Have Gun, Will
Travel?
Destroying Myths & Discovering Cold Facts About Controversial
Force Issues
with The Force Science Research Center
As an off-duty or retired LEO, you have a fundamental decision to make
whenever you pack for an out-of-state trip these days: Should you bring
a gun?
Generally
speaking, you can. The federal Law Enforcement Officers Safety Act of
2004, effective since last summer, provides that any “qualified” active
or retired peace officer may carry a concealed firearm nationwide,
regardless of the concealed-carry restrictions of any state or political
subdivision. But should you?
Many present and
former cops would answer yes automatically. Without their most
distinguishing professional tool along, they’d feel naked and
vulnerable, and they gladly accept their right to carry as a just reward
for their years of hazardous public service.
But a thoughtful
response requires a bit of risk/benefit analysis--weighing the problems
you might encounter against the problems you might solve by being armed.
We’d like to know
what you think, so please give us your opinion by following the simple
steps for response explained later in this transmission.
Meanwhile, here
are some factors to consider when you’re packing (dual meaning intended)
for your next trip:
1. Does your
former agency provide retired officers with testing that will allow you
to achieve qualified status?
While some
officers and retirees may feel they have a right to this testing, some
risk managers advising agencies take a very different view of the law.

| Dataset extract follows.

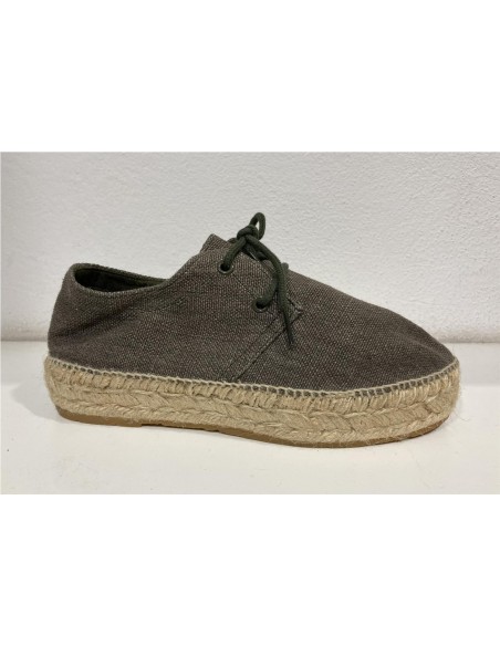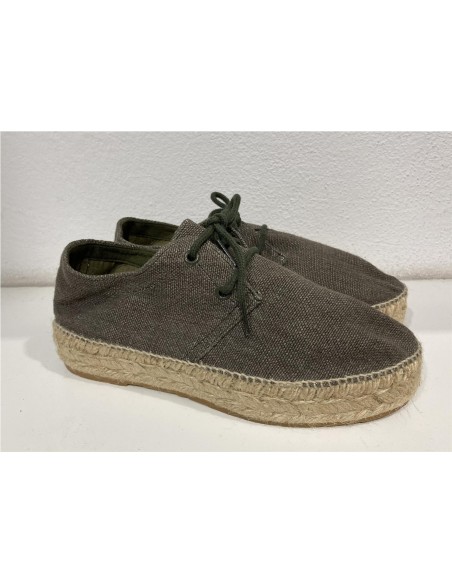 Sneaker de tejido lino con cordones en color liso. Planta forrada y acolchada. Suela plana de esparto de 3 cm.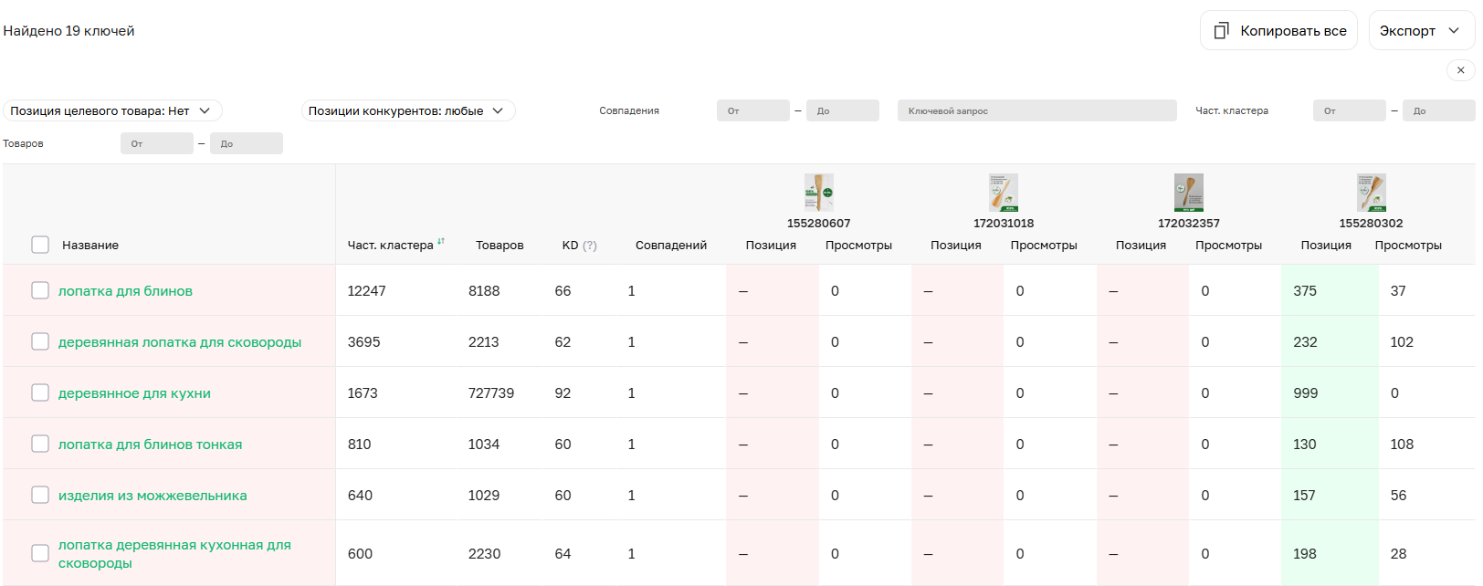 Фильтр позиций целевого товара предоставляет возможность посмотреть по каким ключам целевой товар ранжируется на выбранных позициях по сравнению с конкурентными артикулами.

“Whether or not to aid” officers in achieving qualified status to carry
nationwide “is a discretionary call,” one liability insurer has advised
its municipal clients.
No agency is
required to issue the necessary photo credentials, nor are agencies
required to provide training to retired officers. An agency may perform
these courtesies, but it doesn’t have to. If issued, the credentials
remain the property of “the issuing governmental body, not the
individual officer,” the insurer says, making them subject to easier
recall.
If you carry without the specified identification, of course, you are
not in compliance with the federal statute.
Besides the ID
credentials there are other restrictions, especially for retired
officers. These pertain, in part, to years of service, the nature of
your employment before retirement, the reason for retiring and possible
service-connected disabilities.
2. Are you
familiar with the laws of the state(s) you’re traveling to?
While the federal
law gives you the right to carry a concealed handgun to out-of-state
jurisdictions, individual states vary as to when you can legally use it.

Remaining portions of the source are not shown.